The first line of the entries is where the copy starts and the line with "Cod: S509 - Design: Studio" is where it ends; set down each line exactly, both ends included, and drop pictures.
--- START ---
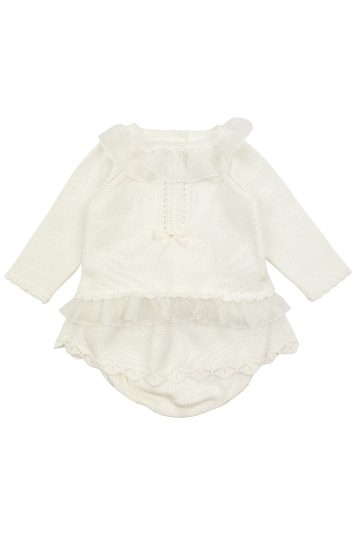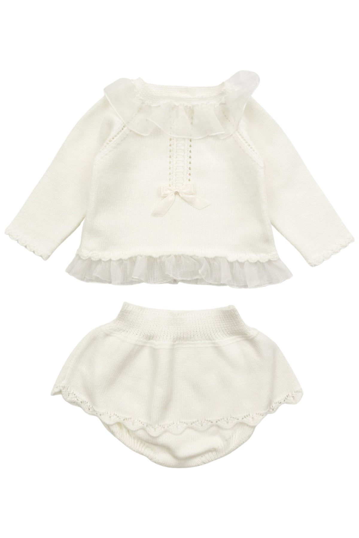 Baby girl's knit top and bloomers from Spanish brand Artesanía Granlei. Long sleeve top made from mid-weight ivory knit with pretty tulle frill to the neck and hem, paired with matching ivory knit bloomers. Finished with a cream satin bow to the top.
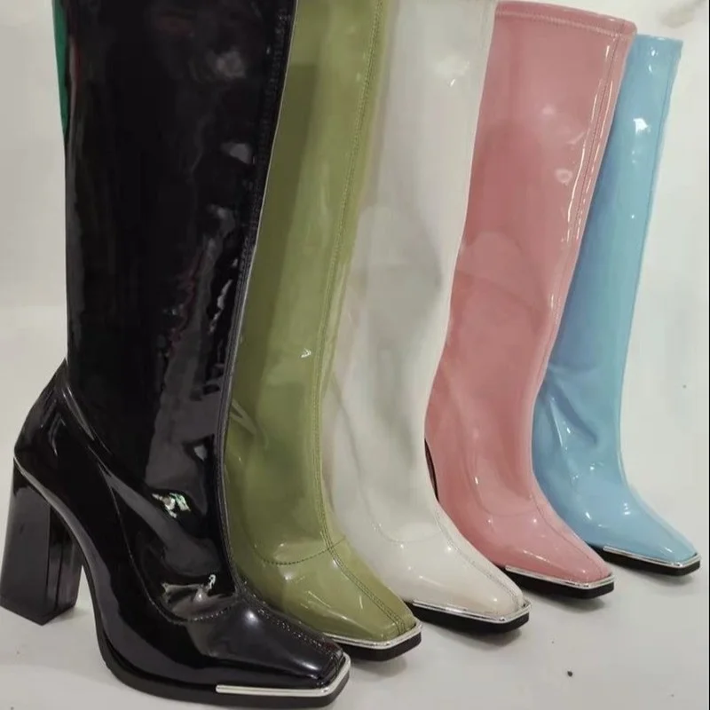 Новинка 2020, популярные женские сапоги из лакированной кожи, водонепроницаемые сапоги до колена, белые, красные вечерние Фетиш-сапоги, женская обувь, Осень-зима
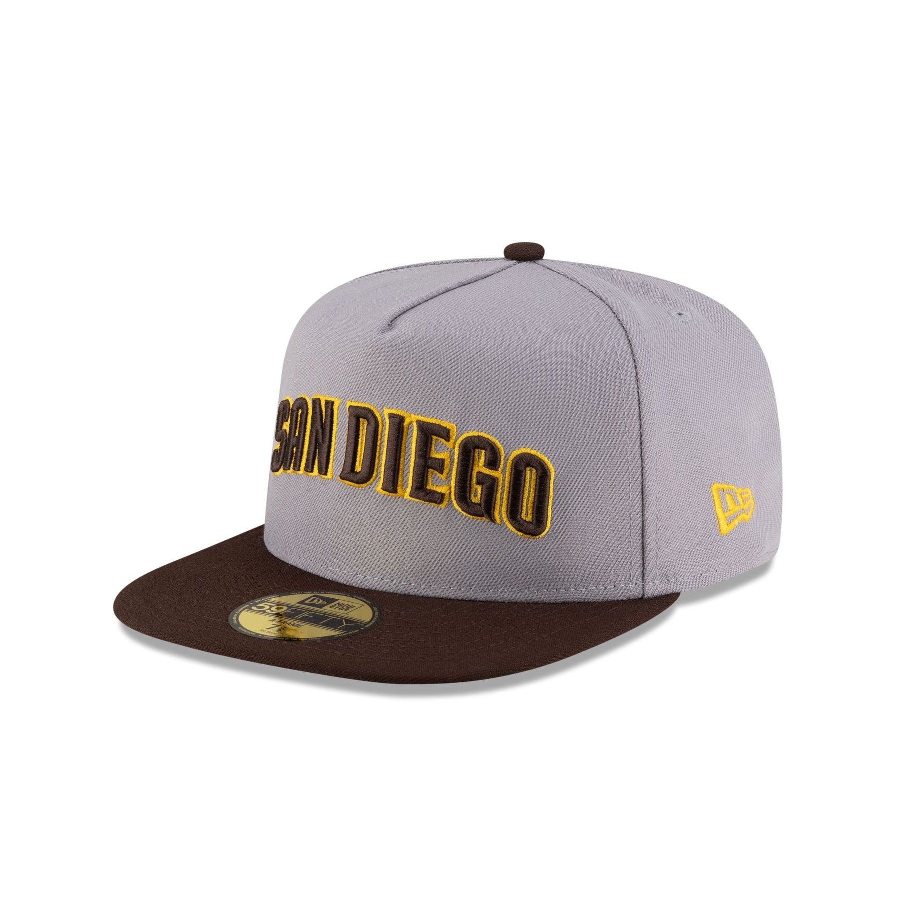 The Just Caps League Sidepatch Just Caps League Sidepatch Gray San Diego Padres 59FIFTY A-Frame Fitted Cap features an embroidered Padres logo at the front panels with a matching MLB Batterman logo at the rear. Additional details include a National League patch at the right-wear side and a green undervisor.
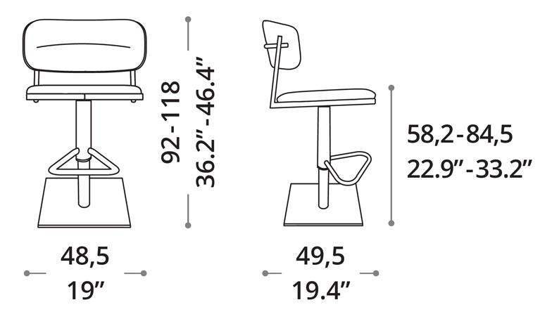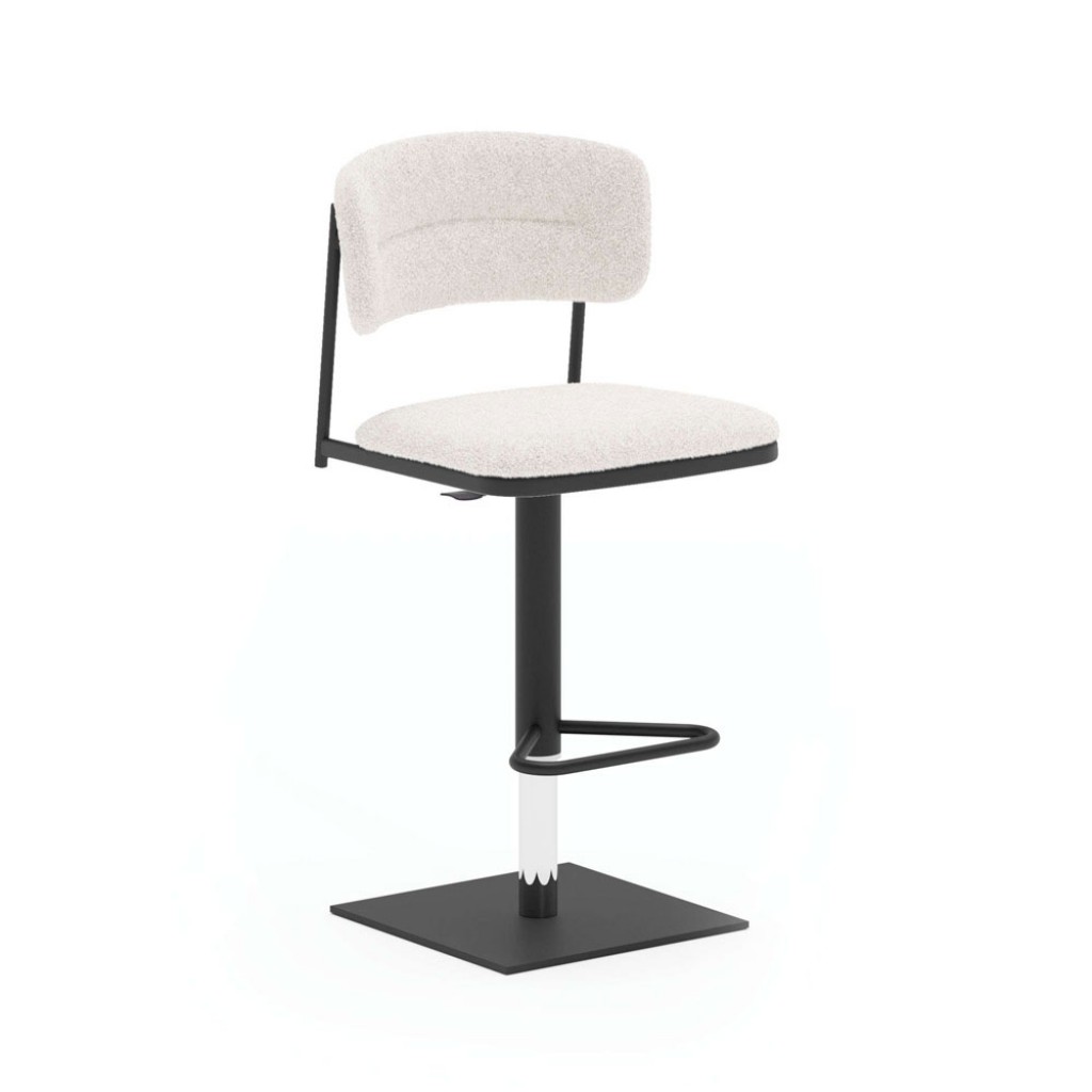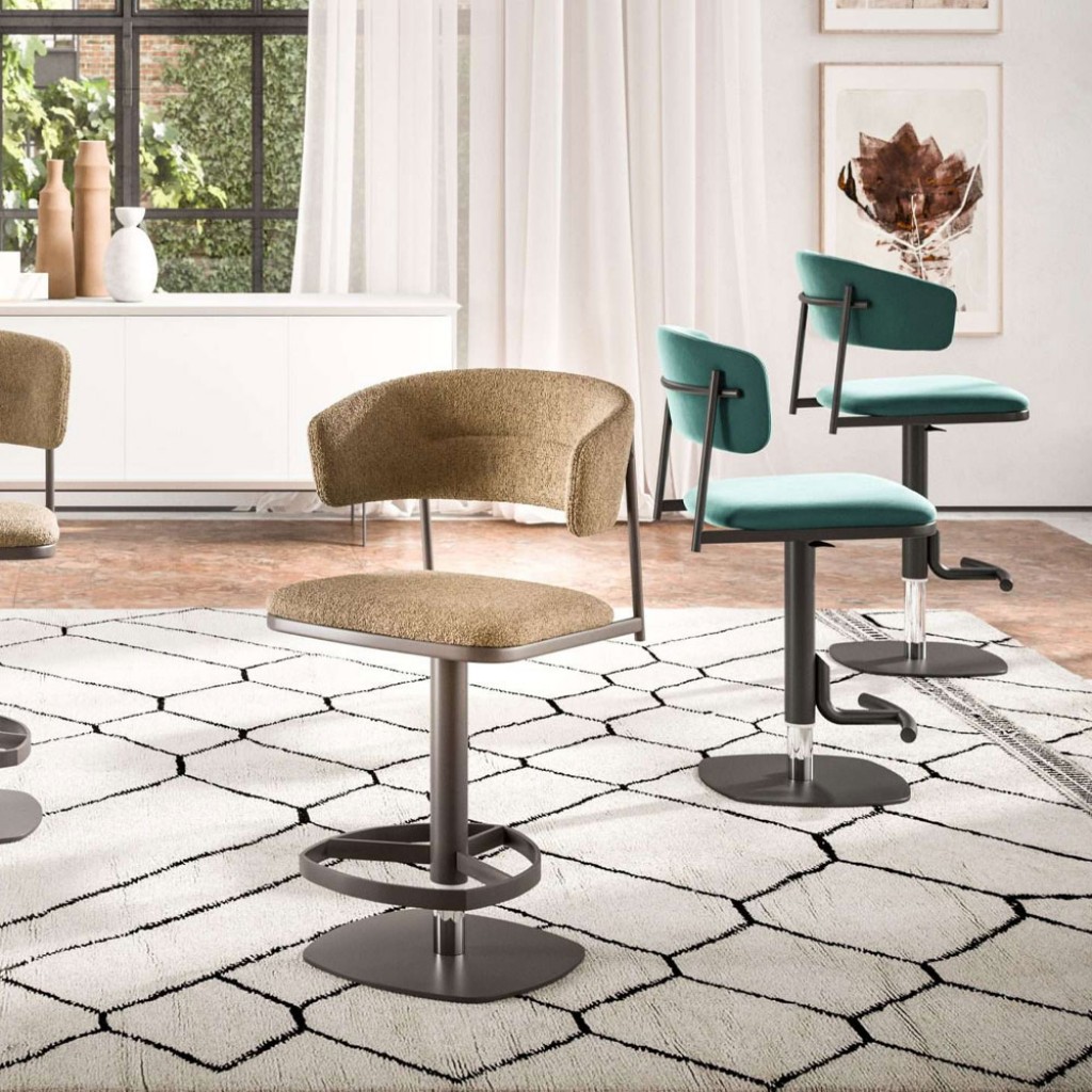 Cod: S509 - Design: Studio OzetaScaun pentru bar cu dispozitiv de ridicare, acoperit cu piele moale, piele eco nabuk sau catifea si structura metalica. Pe partea interioara a scaunului .. -
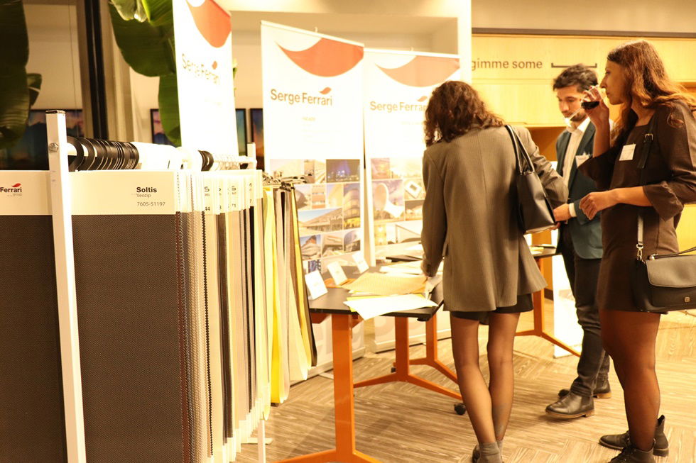 Sunumlardan sonra Serge Ferrari Group, Güneş Koruması, Mimari Tekstil, Cephe Tekstili, Mobilya ve Tasarım ve Yat Tekstili alanlarındaki yapı malzeme ürünlerinin örnek numunelerini mimarlara tanıtıp kendi moodboardlarını oluşturabilecekleri bir alanda detaylı bilgi aktarımı da gerçekleştirdi.
--- END ---
Response to this task |
 Baby girl's knit top and bloomers from Spanish brand Artesanía Granlei. Long sleeve top made from mid-weight ivory knit with pretty tulle frill to the neck and hem, paired with matching ivory knit bloomers. Finished with a cream satin bow to the top.
 Новинка 2020, популярные женские сапоги из лакированной кожи, водонепроницаемые сапоги до колена, белые, красные вечерние Фетиш-сапоги, женская обувь, Осень-зима
 The Just Caps League Sidepatch Just Caps League Sidepatch Gray San Diego Padres 59FIFTY A-Frame Fitted Cap features an embroidered Padres logo at the front panels with a matching MLB Batterman logo at the rear. Additional details include a National League patch at the right-wear side and a green undervisor.
 Cod: S509 - Design: Studio OzetaScaun pentru bar cu dispozitiv de ridicare, acoperit cu piele moale, piele eco nabuk sau catifea si structura metalica. Pe partea interioara a scaunului .. -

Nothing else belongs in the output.